== RECORDS SHOWN ==

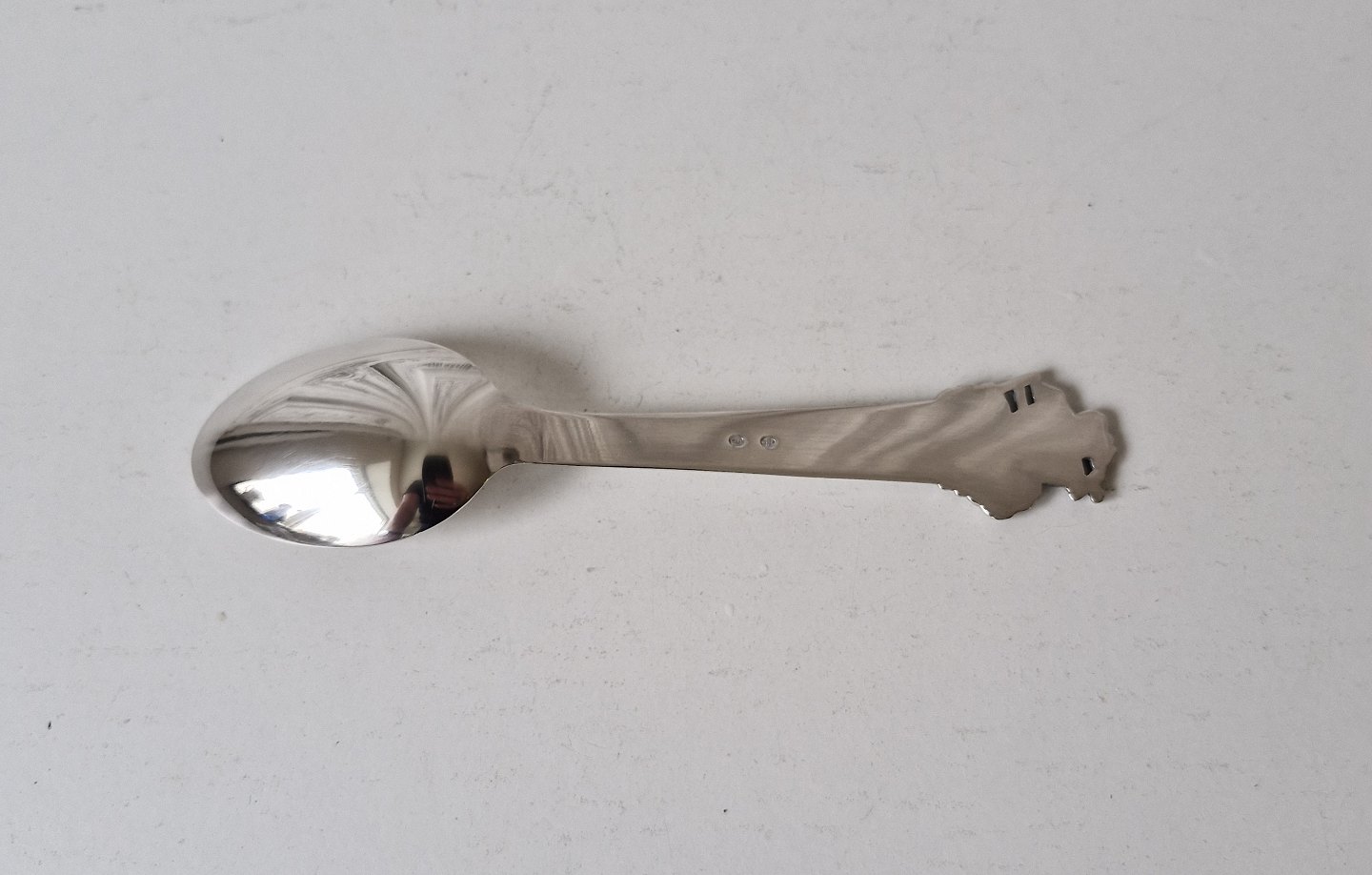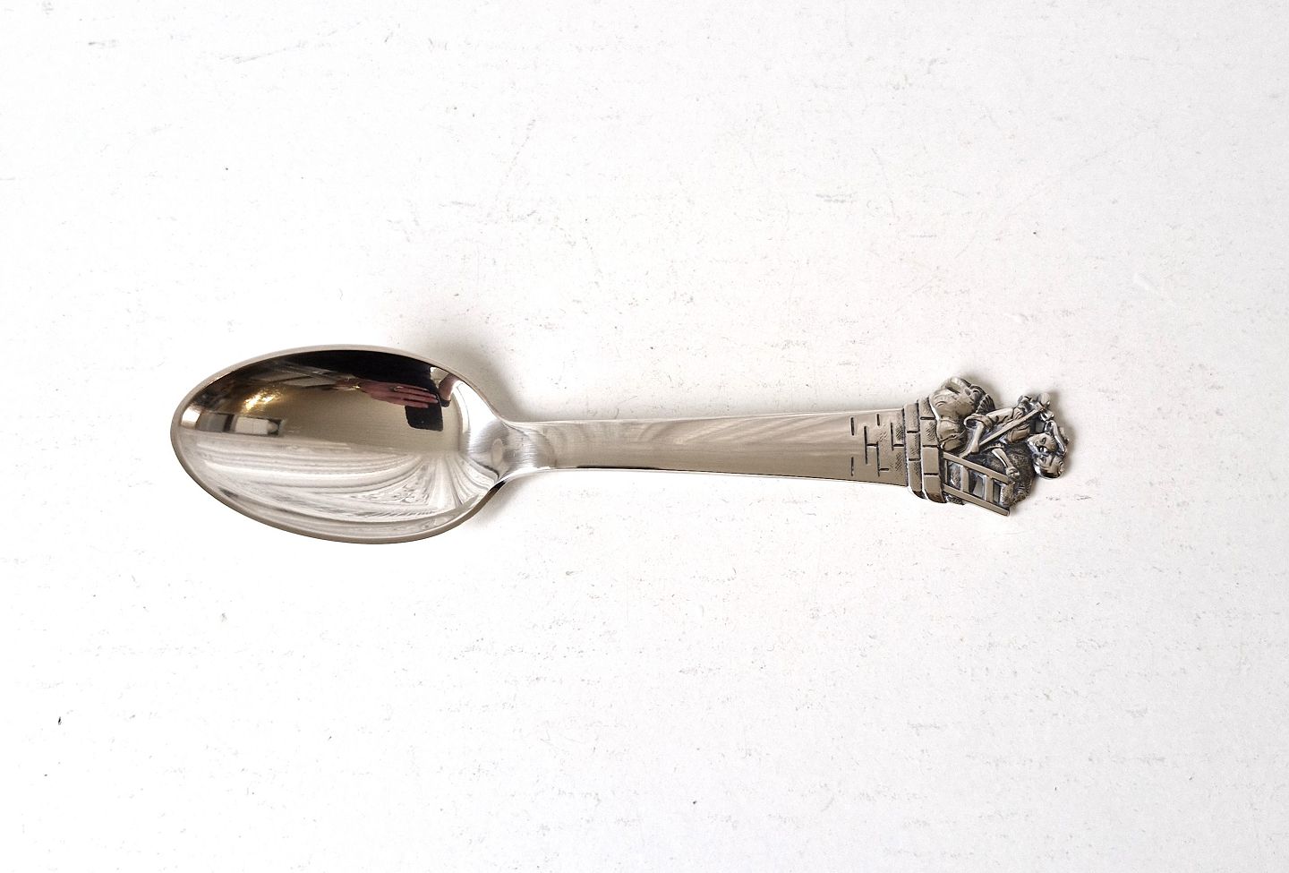 Beskrivelse: H.C.Andersen barneske i sølv - "Hyrtinden og skorstensfejeren"
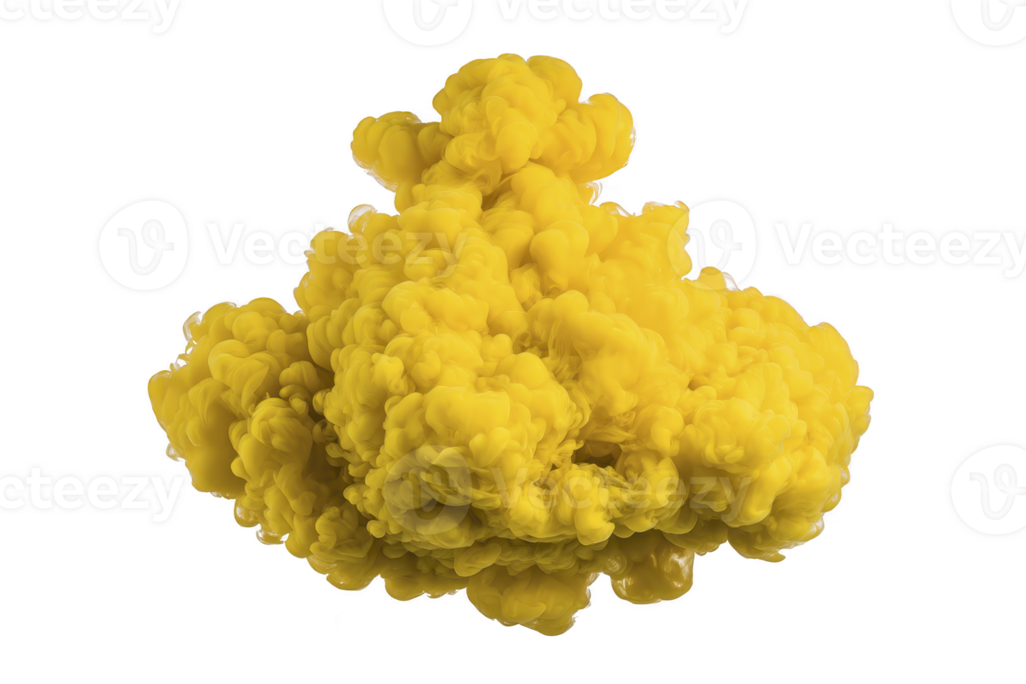 Vibrant yellow cloud of smoke billows against transparency background, creating dynamic and energetic visual effect. swirling patterns and bright color evoke sense of movement and creativity Pro PNG
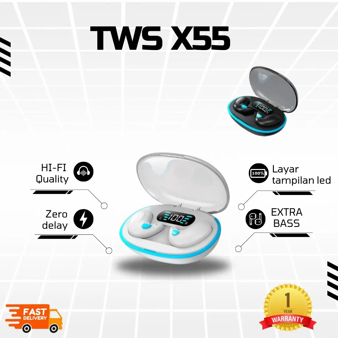 β¨ X55 TWS Headset adalah earphone Bluetooth nirkabel yang tak terlihat. Dilengkapi dengan layar LED, headset ini menawarkan kualitas suara Hi-Fi dengan extra bass. Fitur pengurang kebisingan dan kait telinga membuatnya cocok untuk touring.
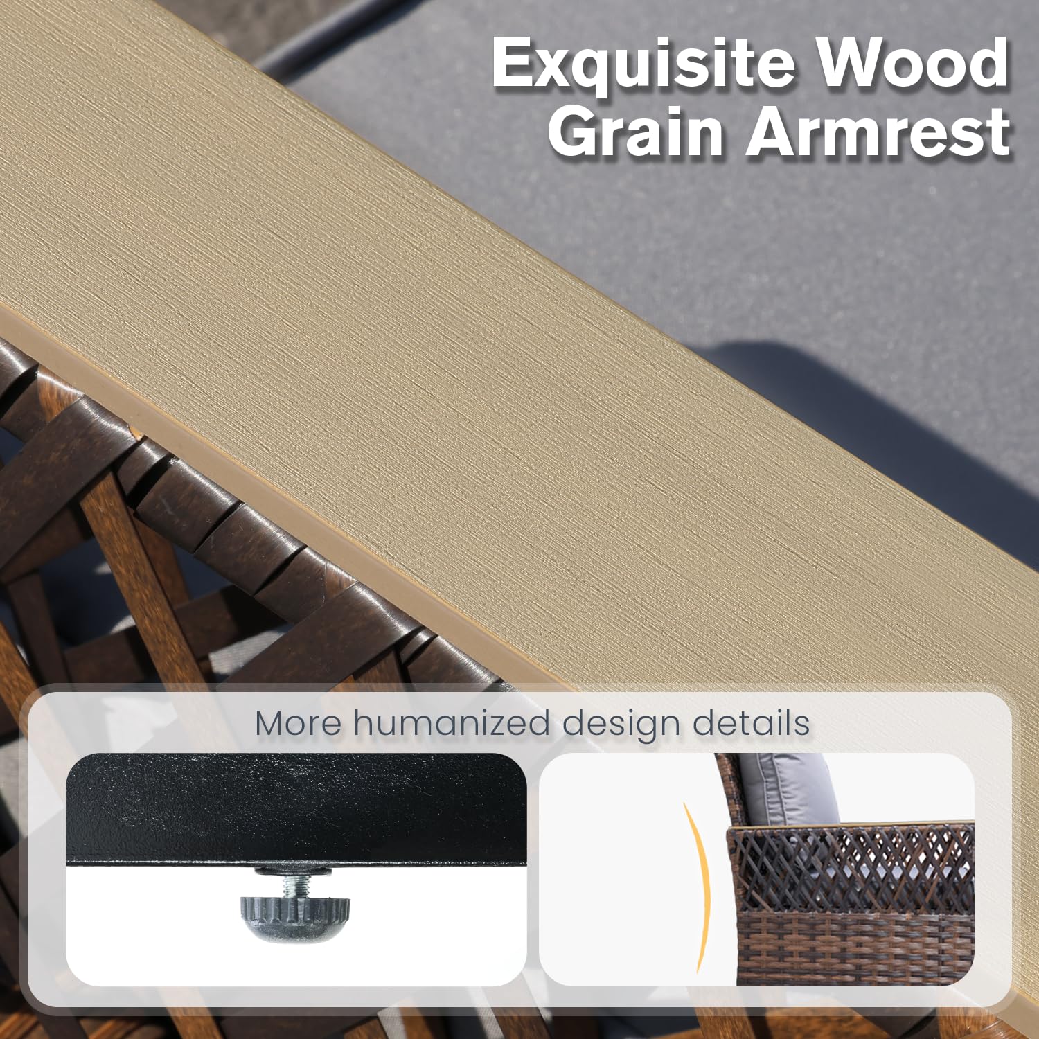 - Unique and Stylish Design: Featuring a semi-hollow side frame for a modern, airy look and added stability, the wooden armrests offer a natural feel with a smooth, high-quality finish. The gradient rattan weaving provides a beautiful color transition that combines style and long-lasting durability
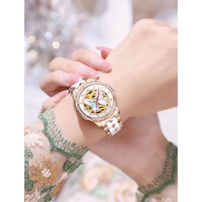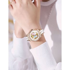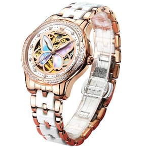 OLEVS Relógio feminino automático, relógio feminino premium, grande, com detalhes em diamante, com corda automática, moda à prova d'água, pulseira de cerâmica de aço inoxidável de dois tons, - Design luxuoso e refinado: inspirado na linda borboleta, este relógio feminino apresenta um mostrador esqueleto delicado e colorido em uma caixa arredondada em ouro rosa e acabamento com diamantes de corte brilhante — um acessório definitivo para a mulher que aprecia sofisticação simples e elegância atemporal. - Relógio de cerâmica para mulheres: pulseira de aço inoxidável e cerâmica com fecho dobrável, fácil de usar e ainda oferece excelente conforto. Também fornecemos elos extras para você se a pulseira for muito curta. - Relógio automático feminino: não precisa mais bateria - a energia é gerada automaticamente pelo movimento do seu braço. Para manter o relógio funcionando com precisão, recomendamos que você o use 8 horas ou mais por dia. Se o seu relógio parar completamente, gire a coroa no sentido horário 30 voltas (ou até sentir resistência). - Presente perfeito para mulheres: vem com uma linda caixa de presente, será um presente impressionante para o Natal, Dia dos Namorados, Dia das Mães, aniversário, aniversário e outras ocasiões especiais. Adequado para mãe, esposa, irmã, filha, namorada e entes queridos. Resistente à água até 30 m. Adequado para uso diário. - O que você recebe: Relógio feminino de cerâmica, boa caixa de relógio, pano de limpeza, ferramenta de remoção de elos, manual do usuário (sem garantia de versão em português). Sinta-se à vontade para entrar em contato conosco se houver algum problema. nossa equipe de pós-atendimento oferecerá uma solução satisfatória dentro de 24 horas.
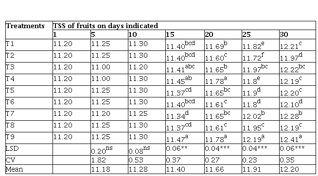 Total soluble solid directly influences the taste of sweet orange. The TSS of fruit on the first day of storage was 11.20 °Brix. TSS increased with increment in the storage period in all treatments from 10 days onwards (Table 3). However, TSS was found to decrease on the 5th day of storage for the treatment wax with mentha. There was no significant difference between treatments on the 5th and 10th day of storage. The highest TSS was observed in control fruits (12.41° Brix) followed by wax with 0.1% carbendazim (12.28° Brix) while the lowest TSS was observed in wax with 0.5% lemongrass (11.97° Brix) at 30th day after storage.

===

EXERCISE DETAILS —
Please give back exactly the lines from the first line of the records above through the line containing "β¨ X55 TWS Headset", only those and both included, with the pictures removed.

REPLY —
 Beskrivelse: H.C.Andersen barneske i sølv - "Hyrtinden og skorstensfejeren"
 Vibrant yellow cloud of smoke billows against transparency background, creating dynamic and energetic visual effect. swirling patterns and bright color evoke sense of movement and creativity Pro PNG
 β¨ X55 TWS Headset adalah earphone Bluetooth nirkabel yang tak terlihat. Dilengkapi dengan layar LED, headset ini menawarkan kualitas suara Hi-Fi dengan extra bass. Fitur pengurang kebisingan dan kait telinga membuatnya cocok untuk touring.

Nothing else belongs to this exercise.